On the Brave At Night blog Rafał Bryks shares some insights into his pixel art workflow, which resulted in stunning scenes like this.

Losing is an abrupt affair, usually down to a single misstep. The game does save at the end of each week, but unless the mistake that led to you losing took place in your previous turn, you have to replay quite a chunk of content with no skip button. Some problems also seem down to pacing errors - by the third phase of the game, I had no tax income and a new source of income I had devised in the second or third week started paying exactly one round before the last battle.

I enjoyed the parts of Yes, Your Grace that took part away from the main gameplay loop around resource distribution. Eryk's family is a charming lot, with all the bickering and occasional teenage rebellion that make for a believable family dynamic. The writing is solid all around, from the large variety in requests to the main story surrounding the wars I watched everything unfold with interest. You wage two battles, and in both you give orders to your soldiers and may get some extra help here and there depending on the decisions you made before. The battles were not only exciting, but also a great break from taking care of petitioners.
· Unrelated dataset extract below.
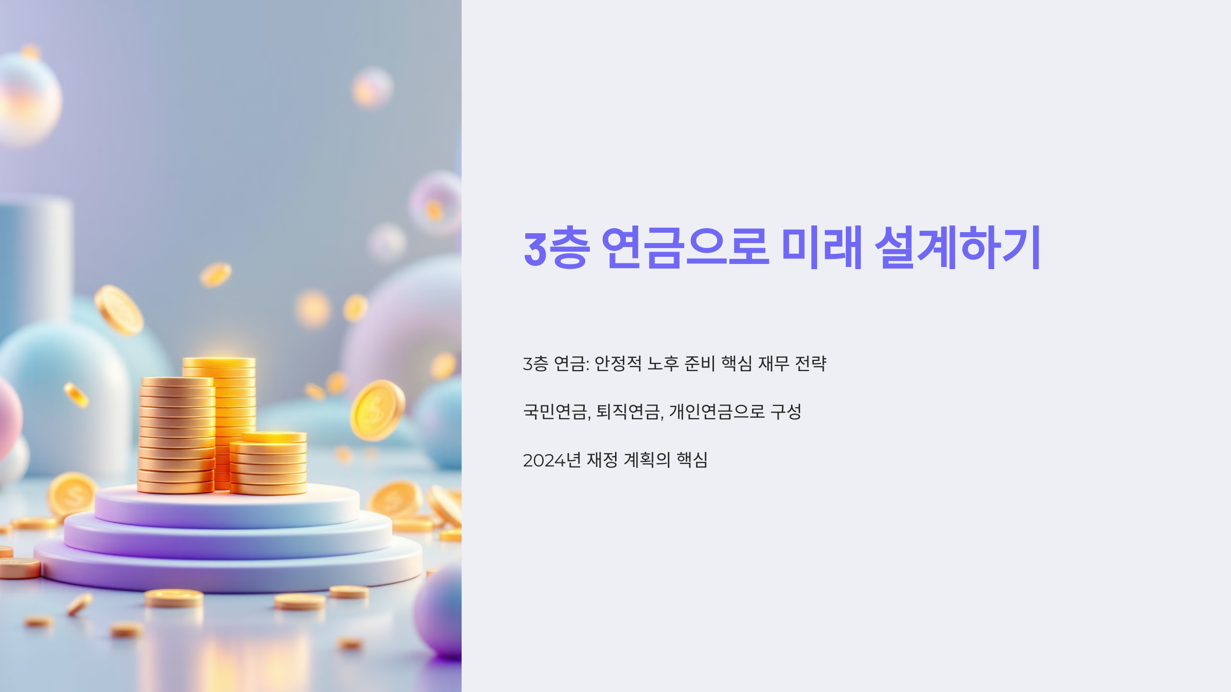- 국민연금을 통해 안정적인 기본 소득을 확보하며, 퇴직연금과 개인연금으로 이를 보완 가능.

The pixel art is really pretty and detailed, especially the scenes set at night are lovely to look at and you can even tell each peasant clearly apart by their clothes and hairstyles.

Yes, Your Grace isn't unbeatably difficult by any means, but it comes down to single, completely unredeemable choices so often that doing well without the benefit of hindsight is never the result of careful planning so much as sheer dumb luck. At the end I may have won the war but it came at great cost, resulting in an ending so devoid of hope my efforts feel largely wasted.